### [Problem to work on]
For each line in the records, produce an exact copy.

--- START ---

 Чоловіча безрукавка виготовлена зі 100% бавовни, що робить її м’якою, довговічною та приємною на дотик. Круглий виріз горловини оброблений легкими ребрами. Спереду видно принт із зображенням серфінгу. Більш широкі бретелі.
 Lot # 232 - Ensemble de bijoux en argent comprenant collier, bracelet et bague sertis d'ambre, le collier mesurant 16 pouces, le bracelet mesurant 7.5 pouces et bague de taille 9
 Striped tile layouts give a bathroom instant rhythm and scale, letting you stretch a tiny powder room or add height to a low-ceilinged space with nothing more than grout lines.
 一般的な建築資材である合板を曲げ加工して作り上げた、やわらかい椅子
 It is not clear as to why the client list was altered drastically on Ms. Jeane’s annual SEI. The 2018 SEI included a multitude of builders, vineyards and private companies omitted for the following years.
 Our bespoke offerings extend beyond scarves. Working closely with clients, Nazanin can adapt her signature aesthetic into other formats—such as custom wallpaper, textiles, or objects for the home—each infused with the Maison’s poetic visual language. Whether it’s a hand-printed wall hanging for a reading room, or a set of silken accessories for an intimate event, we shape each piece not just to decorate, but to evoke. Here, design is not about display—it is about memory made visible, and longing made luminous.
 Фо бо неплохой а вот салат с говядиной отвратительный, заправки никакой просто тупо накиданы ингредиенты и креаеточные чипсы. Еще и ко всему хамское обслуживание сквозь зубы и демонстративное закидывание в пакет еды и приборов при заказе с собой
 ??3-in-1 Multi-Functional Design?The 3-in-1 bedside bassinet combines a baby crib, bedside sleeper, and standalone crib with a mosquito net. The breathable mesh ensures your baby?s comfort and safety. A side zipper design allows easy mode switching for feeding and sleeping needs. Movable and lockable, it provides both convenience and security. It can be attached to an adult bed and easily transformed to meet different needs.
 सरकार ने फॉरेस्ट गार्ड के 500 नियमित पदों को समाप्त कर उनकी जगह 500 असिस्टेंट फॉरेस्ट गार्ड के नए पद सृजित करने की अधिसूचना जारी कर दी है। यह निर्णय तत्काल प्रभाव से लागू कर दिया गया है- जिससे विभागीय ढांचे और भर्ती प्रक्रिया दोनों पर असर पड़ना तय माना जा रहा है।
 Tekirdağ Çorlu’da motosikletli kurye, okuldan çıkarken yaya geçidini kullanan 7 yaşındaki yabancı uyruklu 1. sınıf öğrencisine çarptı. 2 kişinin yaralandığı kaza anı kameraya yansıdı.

--- END ---

### [Answer below]
 Чоловіча безрукавка виготовлена зі 100% бавовни, що робить її м’якою, довговічною та приємною на дотик. Круглий виріз горловини оброблений легкими ребрами. Спереду видно принт із зображенням серфінгу. Більш широкі бретелі.
 Lot # 232 - Ensemble de bijoux en argent comprenant collier, bracelet et bague sertis d'ambre, le collier mesurant 16 pouces, le bracelet mesurant 7.5 pouces et bague de taille 9
 Striped tile layouts give a bathroom instant rhythm and scale, letting you stretch a tiny powder room or add height to a low-ceilinged space with nothing more than grout lines.
 一般的な建築資材である合板を曲げ加工して作り上げた、やわらかい椅子
 It is not clear as to why the client list was altered drastically on Ms. Jeane’s annual SEI. The 2018 SEI included a multitude of builders, vineyards and private companies omitted for the following years.
 Our bespoke offerings extend beyond scarves. Working closely with clients, Nazanin can adapt her signature aesthetic into other formats—such as custom wallpaper, textiles, or objects for the home—each infused with the Maison’s poetic visual language. Whether it’s a hand-printed wall hanging for a reading room, or a set of silken accessories for an intimate event, we shape each piece not just to decorate, but to evoke. Here, design is not about display—it is about memory made visible, and longing made luminous.
 Фо бо неплохой а вот салат с говядиной отвратительный, заправки никакой просто тупо накиданы ингредиенты и креаеточные чипсы. Еще и ко всему хамское обслуживание сквозь зубы и демонстративное закидывание в пакет еды и приборов при заказе с собой
 ??3-in-1 Multi-Functional Design?The 3-in-1 bedside bassinet combines a baby crib, bedside sleeper, and standalone crib with a mosquito net. The breathable mesh ensures your baby?s comfort and safety. A side zipper design allows easy mode switching for feeding and sleeping needs. Movable and lockable, it provides both convenience and security. It can be attached to an adult bed and easily transformed to meet different needs.
 सरकार ने फॉरेस्ट गार्ड के 500 नियमित पदों को समाप्त कर उनकी जगह 500 असिस्टेंट फॉरेस्ट गार्ड के नए पद सृजित करने की अधिसूचना जारी कर दी है। यह निर्णय तत्काल प्रभाव से लागू कर दिया गया है- जिससे विभागीय ढांचे और भर्ती प्रक्रिया दोनों पर असर पड़ना तय माना जा रहा है।
 Tekirdağ Çorlu’da motosikletli kurye, okuldan çıkarken yaya geçidini kullanan 7 yaşındaki yabancı uyruklu 1. sınıf öğrencisine çarptı. 2 kişinin yaralandığı kaza anı kameraya yansıdı.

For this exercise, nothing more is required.